Progress continued to be good over the next five days. Game was so plentiful that at one stop the men killed twenty-nine deer. Lewis gave instructions to cook enough meat in the evening to last through the next day, so that no stops need be made for a noon meal; “by this means we forward our journey at least 12 or 15 miles Pr. day.”
By August 7, they had reached the mouth of the Yellowstone. Clark wasn’t there, but signs of an encampment indicated he had been a week earlier. Lewis found a piece of paper stuck on a pole; it had his name in the handwriting of Captain Clark. Only a fragment could be read, but from it Lewis learned that at this site game was scarce and mosquitoes were plentiful, so Clark had gone on and would be waiting for Lewis downstream.
“I instantly reimbarked,” Lewis wrote, “and decended the river in the hope of reaching Capt. C’s camp before night.” He was so anxious to reunite that he wouldn’t take the day or so necessary to fix the longitude of the junction, as he had promised to do the previous year, when clouds had made observations impossible.
He didn’t catch Clark anyway. Clark had moved on. In the morning, Lewis followed. He didn’t catch up that day, or the next.
On the morning of August 11, seeing some elk on a thick willow bar, he put in and set out with Private Cruzatte to replenish the meat supply. After Lewis killed one and Cruzatte wounded one, they reloaded and plunged into the willow to pursue more elk.
Lewis saw an elk some yards ahead. He raised his rifle to his shoulder, took aim, and was about to pull the trigger when he was hit in the buttocks by a rifle bullet. This severe blow spun him around.
The bullet had hit him an inch below his hip joint on his left side and passed through his buttocks to come out on the right side, leaving a three-inch gash the width of the ball. No bone had been hit. The spent ball lodged in Lewis’s leather breeches.
Cruzatte was nearsighted in his only good eye, and Lewis was wearing brown leather, so his first thought was that Cruzatte had mistaken him for an elk.
“Damn you,” Lewis shouted. “You have shot me.”
There was no answer. Lewis called to Cruzatte several times, still with no response. The shot had come from less than forty yards away; if Cruzatte couldn’t hear him, it must not have been Cruzatte who shot him. It must have been an Indian. In the thick willow, it was impossible to know if it was just one warrior or a war party.
Lewis called to Cruzatte to retreat, then retreated himself. He ran the first hundred paces, until his wound forced him to slow down. When he got in sight of the canoes, he called the men to their arms, “to which they flew in an instant.” Lewis informed them of what had happened, told them he intended to return and give battle and save Cruzatte, and ordered them to follow him.
They did.
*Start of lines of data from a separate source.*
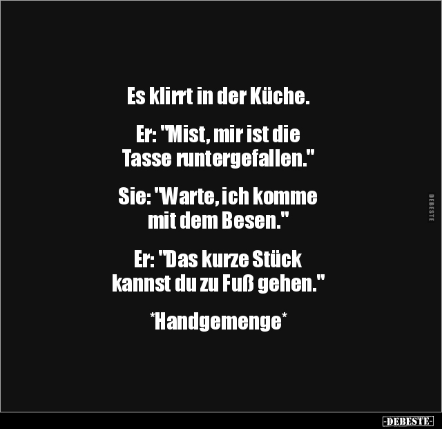 Es klirrt in der Küche. Er: "Mist, mir ist die Tasse runtergefallen." Sie: "Warte, ich komme mit dem Besen." Er: "Das kurze Stück kannst du zu Fuß gehen." *Handgemenge*
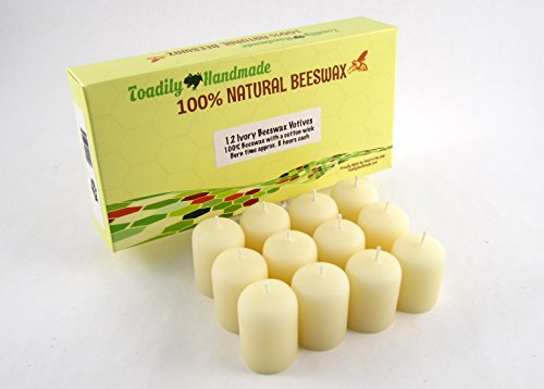 One dozen (12) Hand Poured Solid Beeswax Votive Candles in Ivory Wax - 100% Beeswax Candles by Toadily Handmade - Now Packaged in an Attractive Gift Box!
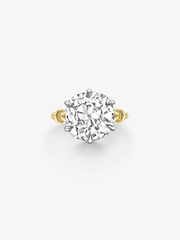 A Georgian Loop Ring with a 7.03ct Cushion cut diamond, set in a talon claw setting in 18K white gold & yellow gold.
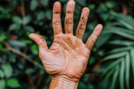 Close-up of a mechanic's hands, showing the dirt and grease accumulated from machinery maintenance. A testament to hard work and craftsmanship in the industrial field.
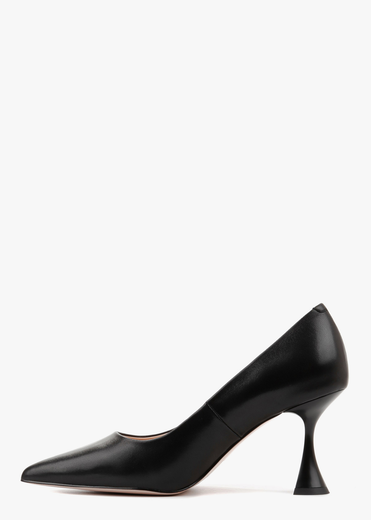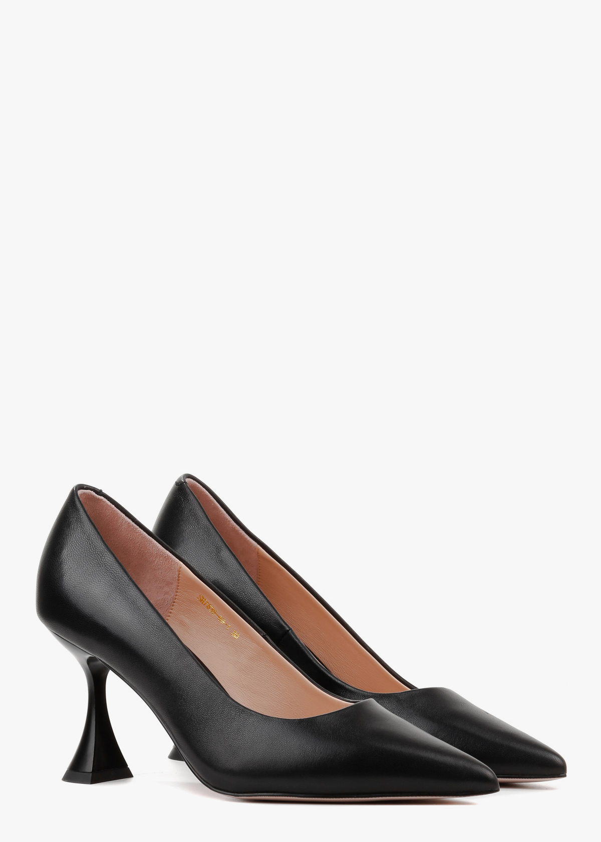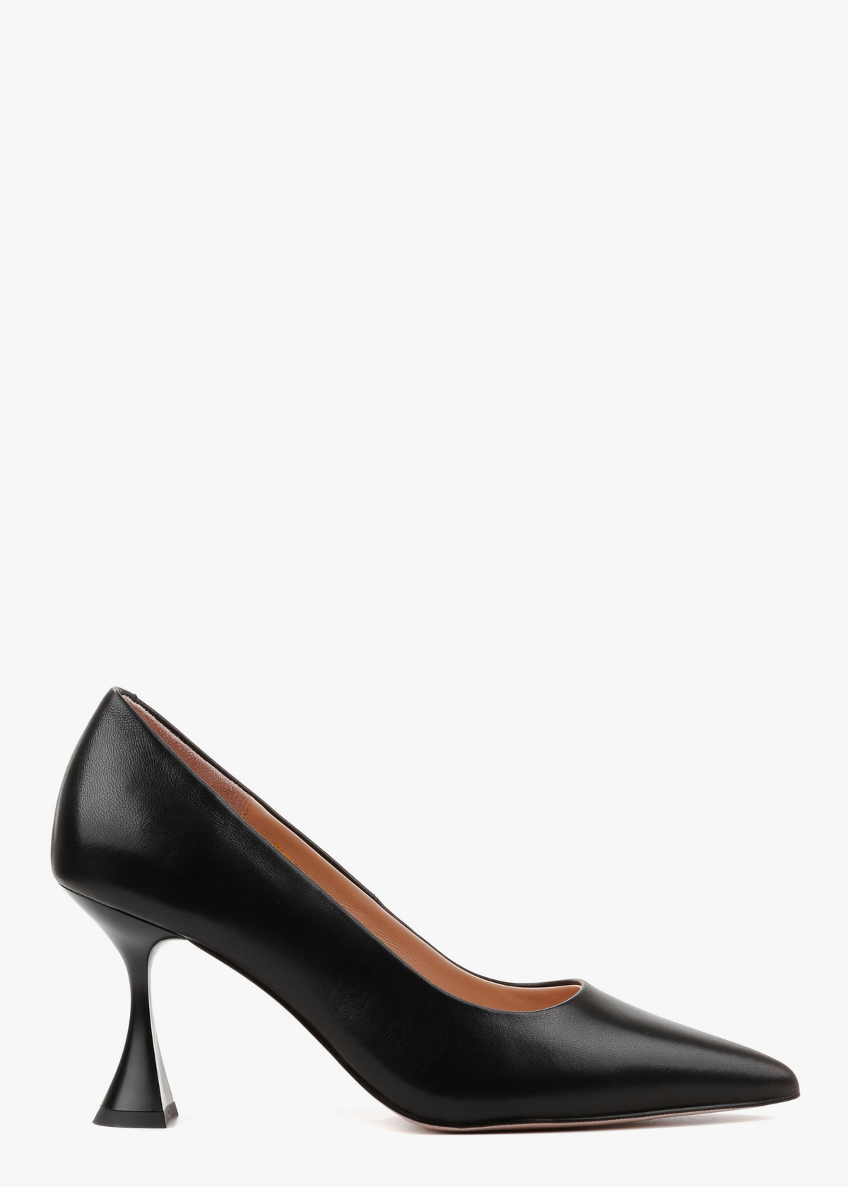 Жіночі туфлі-човники чорного кольору з натуральної шкіри — елегантна модель із витягнутим носком та акуратним вирізом. М’який шкіряний верх має приємну текстуру та комфортно сідає по нозі. Каблук розширюється донизу, що забезпечує кращу стійкість і впевненість під час ходьби. Модель зручна, добре тримає стопу та підходить для тривалого носіння.
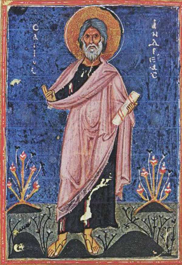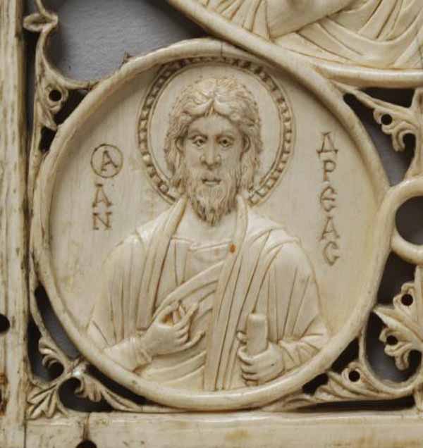 Уже в ранних памятниках облик Андрея Первозванного имеет ярко выраженные индивидуальные особенности:

But after a hundred yards, their captain collapsed. His wounds had become so painful and his thigh was so stiff he could not press on. He told the men to continue without him; if they encountered a superior force they should retreat, keeping up a fire.
Lewis struggled back to the canoes. He laid his pistol on one side of him, his rifle on the other, and his air gun close at hand. He was “determined to sell my life as deerly as possible.”
He was alone for about twenty minutes, in a state of anxiety and suspense. Finally the party returned, with Cruzatte, who absolutely denied having shot the captain and swore he had never heard Lewis call to him.
“I do not beleive that the fellow did it intentionally,” Lewis wrote, but neither did he believe Cruzatte’s denials. He had the bullet in his hand; it was a .54 caliber, from a U.S. Army Model 1803, not a weapon any Indian was likely to have. He conjectured that, after shooting his captain in the ass, Cruzatte decided to deny everything. (Sergeants Ordway and Gass, who were with the party when it met Cruzatte, wrote in their journals that, as far as they could tell, Cruzatte was entirely ignorant of having shot Lewis.)
Sergeant Gass helped Lewis get out of his clothes. Lewis dressed his wounds himself as best he could, introducing rolls of lint into the holes on each side of his buttocks (so that the wound would stay open and new tissue could grow from the inside out).1
The party proceeded downriver, Lewis lying on his stomach in the pirogue. At 4:00 p.m., they passed Clark’s campsite of the previous night; there one of the men found and brought to Lewis a note Clark had left on a post.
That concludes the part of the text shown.